E não falam da greve dos petroleiros porque é uma greve que defende um acordo digno para a categoria. E vai além pois defende o Brasil, já que não aceitamos a venda de ativos da Petrobrás (navios, dutos, BR etc).
Ao invés de a Petrobrás vender ativos, como cogita Dilma e Bendine, queremos a construção das duas refinarias do Maranhão e Ceará, o que nos dará a autossuficiência no refino; como também a construção do braço petroquímico do Comperj. Com isso a Petrobrás, ao invés de responder por 13% do PIB, vai no mínimo dobrar essa participação.

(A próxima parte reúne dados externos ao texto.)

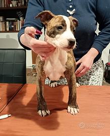 Ultima cucciola di amstaff di 3 mesi... Completa di 3 sverminazioni, 2 vaccini, microchip e, libretto sanitario e pedigree enci...
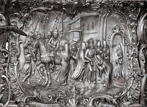 Несколькими месяцами ранее, в июне 1724 года, Святейший синод вынес постановление: Александра Невского «в монашеской персоне никому отнюдь не писать», а изображать следует «во одеждах великокняжеских». И именно таким, «в рыцарских доспехах и царской мантии, отороченной горностаевым мехом», святой изображен московским иконописцем Андреем Меркурьевым-Поспеловым «со товарищи» на иконостасе Петропавловского собора в Санкт-Петербурге.

Ao contrário dos petroleiros que almeja uma Petrobrás gigante, a mídia, principalmente a Globo, só quer a destruição da empresa. O petroleiro já venceu a queda de braço, na década de 90, com o governo FHC que, com apoio da mídia, principalmente da Globo, tentou privatizar a Petrobrás. Na ocasião, FHC transformou a Petrobrás em ?Unidades de Negócios? para vendê-la fatiada. FHC só conseguiu vender 30% da refinaria do sul, REFAP, mas o governo Lula depois comprou a parte da Refap vendida.

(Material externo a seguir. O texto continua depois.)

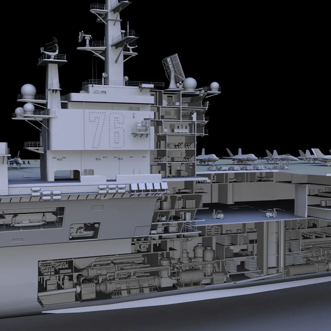The USS Reagan 3D model complete with internal decks and cutaway was produced for the Virginia Air and Space Center and Popular Mechanics Magazine. It is a highly detailed model of the exterior and interior of a Nimitz class aircraft carrier from deck plans. The ship itself, was undergoing its 'Tiger Cruise' and the images created were printed in Popular Mechanics and a 21 foot long version is on display at The Virginia Air and Space Center. A version was also printed in Maxim Magazine. The model here, is the model used to produce that cutaway work.

Dilma, com a venda de ativos, pode fazer algo parecido com que fez FHC com a venda de ?Unidades de Negócios?. Para o bem do Brasil, o Tesouro Nacional precisa fazer o aporte necessário para a Petrobrás voltar ao patamar de outubro de 2014 inicio da crise. A Petrobrás possuiu reservas confirmadas de 70 bilhões de barris, que os técnicos dizem que as reservas a confirmar eleva para 100 bilhões de barris. Multiplicando essa reserva pelo preço médio do barril de US$ 50 chegamos a cifra de 5 trilhões de dólares, quase duas vezes a reserva cambial da China, a maior do planeta. Diante disso, como a Petrobrás pode estar falida?

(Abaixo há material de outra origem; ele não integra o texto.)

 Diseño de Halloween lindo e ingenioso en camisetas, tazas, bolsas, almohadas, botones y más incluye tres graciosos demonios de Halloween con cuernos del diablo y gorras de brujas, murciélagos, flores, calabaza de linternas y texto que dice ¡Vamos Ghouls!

A mídia, e principalmente o Globo, quando fala da greve dos petroleiros é para falar mal, como fizeram na década de 90, comparando a Petrobrás a um paquiderme e chamando os petroleiros de marajás. Mas não dizem que a Petrobrás gasta com a folha de pagamento da categoria 4% do faturamento, a metade do que gasta suas concorrentes.
O principal motivo da greve petroleira não aparecer na imprensa é que sua pauta vai no sentido contrário aos interesses mídia.
Nossas reivindicações são: ? Nem um direito a menos! E Não, Não à privatização, o petróleo é nosso e não abrimos mão!?.

Rio de Janeiro, 13 de novembro de 2015


Emanuel Cancella é coordenador do Sindicato dos Petroleiros do Estado do Rio de Janeiro (Sindipetro-RJ) e da Federação Nacional dos Petroleiros (FNP).